Friday, January 20, 2012

Centennial for Robert Scott's Historic South Pole Arrival

Scott's team at the Pole, Wikipedia Link
January 17 was the centennial of Scott Team's arrival at the Pole to find that Amundsen had already come and gone.  Combined with the grim fact that the team did not make it all the way back across the Ross Ice Shelf it was not as much of a to-do as last month.  We did however, on Monday have a special presentation by  Lt Col Henry Worsley of the Royal British Legion share some British Antarctic history and some of his own expedition experiences with the community Monday evening the 16th at 8pm in the Galley.  

Henry is a distant relative of the Captain of the Endurance, Commander Frank Worsley of Shackleton’s Imperial Trans-Antarctic Expedition of 1914–1916. Frank Worlsey also navigated Shackleton’s three life boats to Elephant Island and then the James Caird party to South Georgia seeking help for Shackleton’s stranded crew.  Frank Worsley is immortalized by a bronze bust that resides where he was born in Akaroa, NZ. 

Henry was the leader of the 2008-2009 Shackleton Centenary Expedition that recreated Shackleton’s Nimrod Expedition that reached the furthest south until Amundsen’s expedition at a latitude of 88° 23′ S, just 112.2 miles from South Pole and he is here at South Pole this summer to celebrate the Scott Centennial.   He traveled both the Amundsen route and the Scott route and in his presentation he did not so much share his journeys as much as to give us a side by side and blow by blow recount of what is known of the two expeditions and a review of the Shackleton ground breaking trip which we rarely hear about.  
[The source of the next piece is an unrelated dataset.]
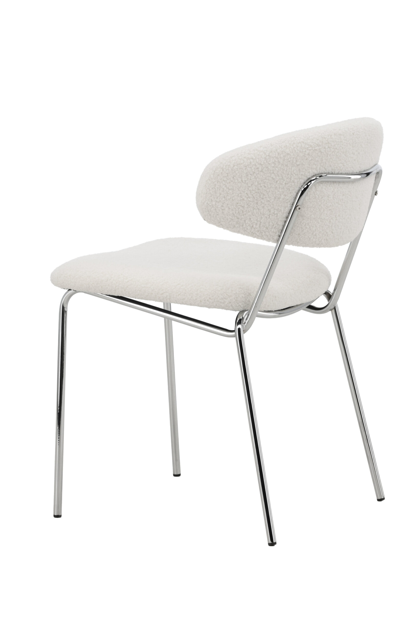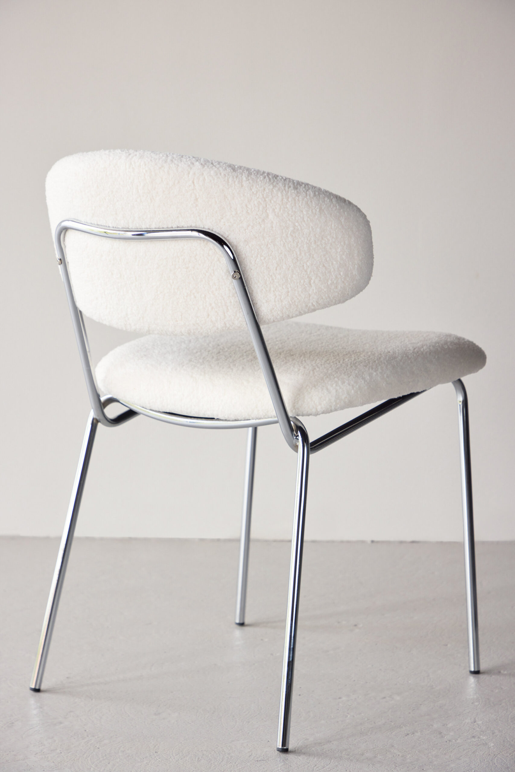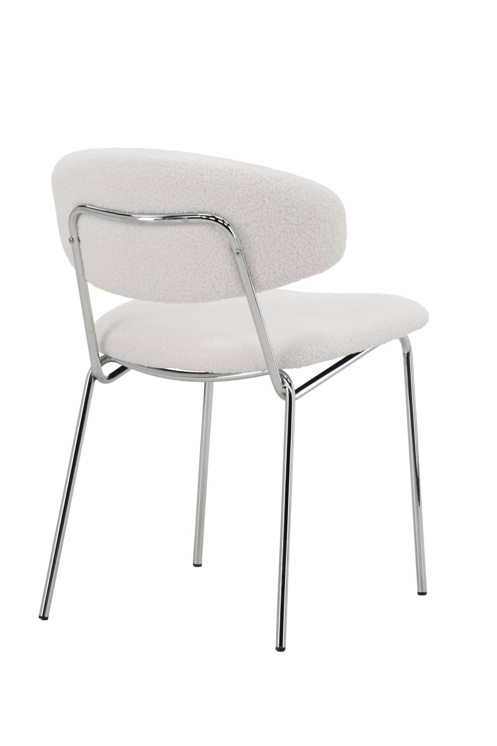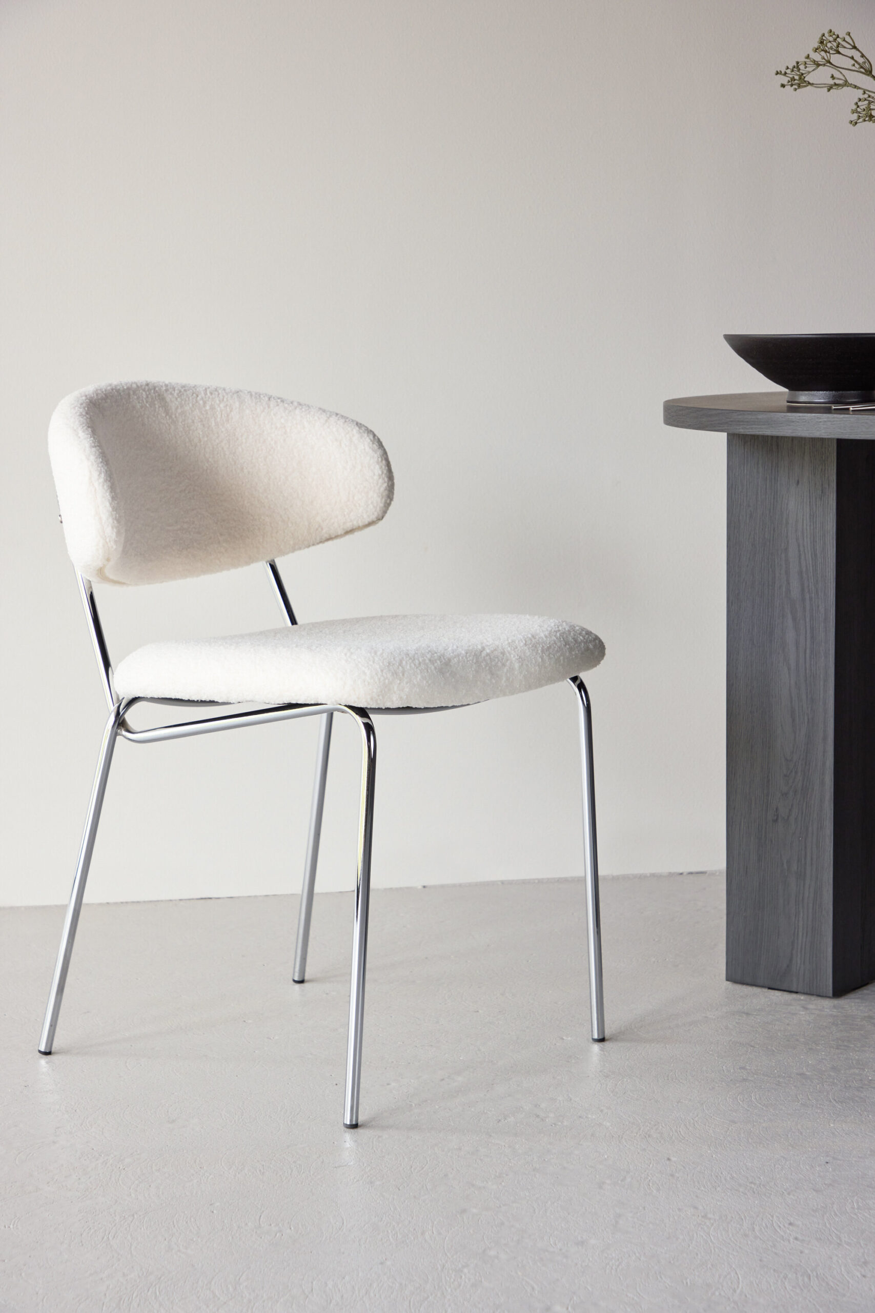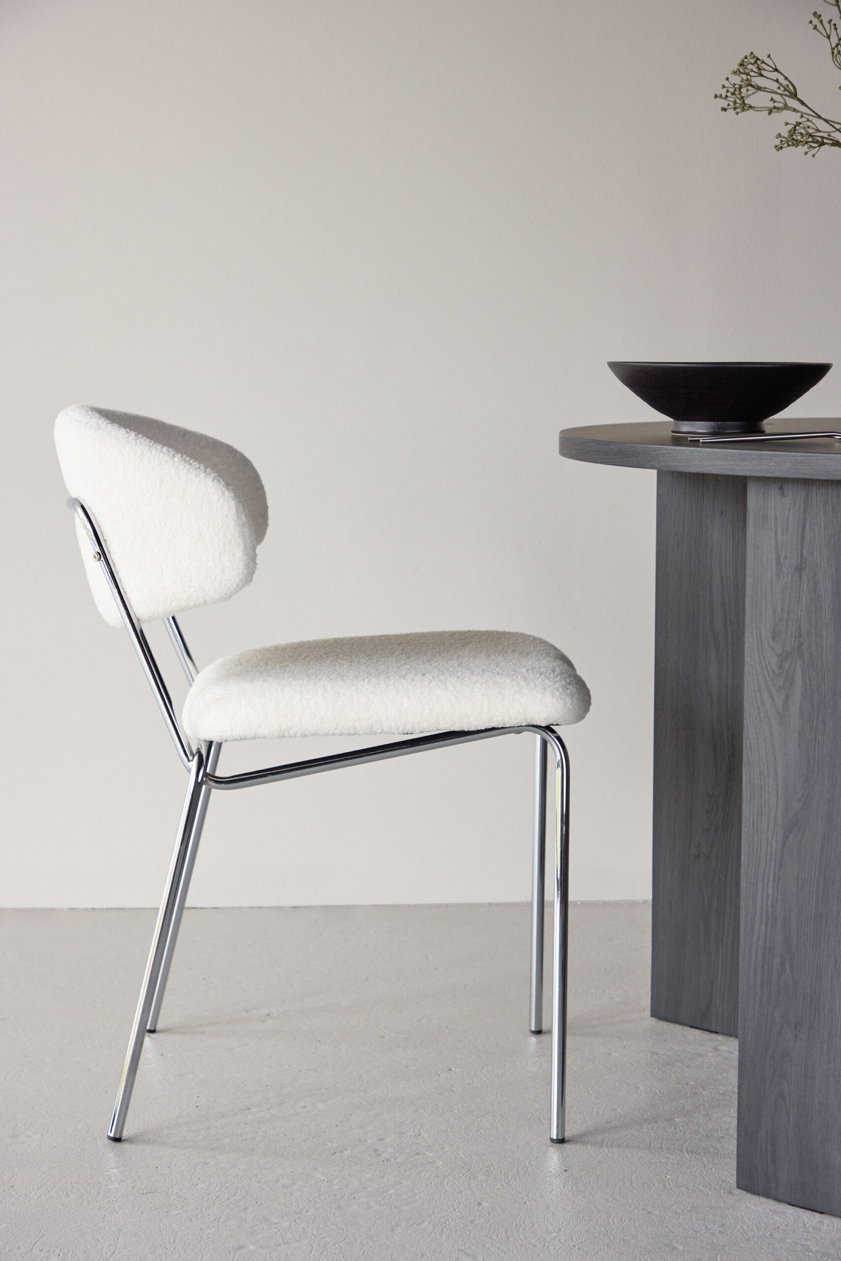 Chico – moderni valgomojo kėdė, kurioje išgrynintas dizainas dera su išskirtiniu patogumu. Sėdimoji dalis ir atlošas aptraukti balta buklė Audinys, kuri suteikia minkštą ir patrauklų pojūtį, kartu įnešdama tekstūros ir charakterio į erdvę. Chromuoto plieno kojelės sukuria elegantišką kontrastą ir pabrėžia lengvą bei grakštų siluetą.

It was a fascinating lecture and showed also the different attitudes and approaches of the two teams.  While Amundsen was better prepared and ended up choosing the better route he also had a rather brutal and ruthless attitude especially towards the dogs teams.  Scott was also picking up samples and artifacts for scientific study as he went.  He reached the plateau following the Shackelton route about the same time as Amundsen reached the pole.  His route was both a more difficult journey up the mountains but also he was less prepared.  He made the Pole with 4 of his men, turning some around at the plateau.  But the Pole team didn't quite make it back to their major stock depot on the way back due to a storm and perished at their camp.

Celebration of the Scott centennial at the Geographic Pole
While Lt. Col. Worsley spoke mostly of these three intrepid expeditions, he did show pictures from the historic journeys side by side with his re-photography of the same locations.  Less hype than last month but it was quite a fascinating centennial.  For the ceremony itself on Tuesday,  several of us missed it due to a critical meeting that had been postponed from Monday which was the last step for us in allowing us to stay on for the winter contracts. The photo supplied above was from the Galley Scroll and is of the crowd who gathered around the new pole marker for a half hour local celebration of the event held at as close to the time of Scott's arrival as could be estimated, 6PM on the 17th.  (Note the British flag just behind Bill - the speaker).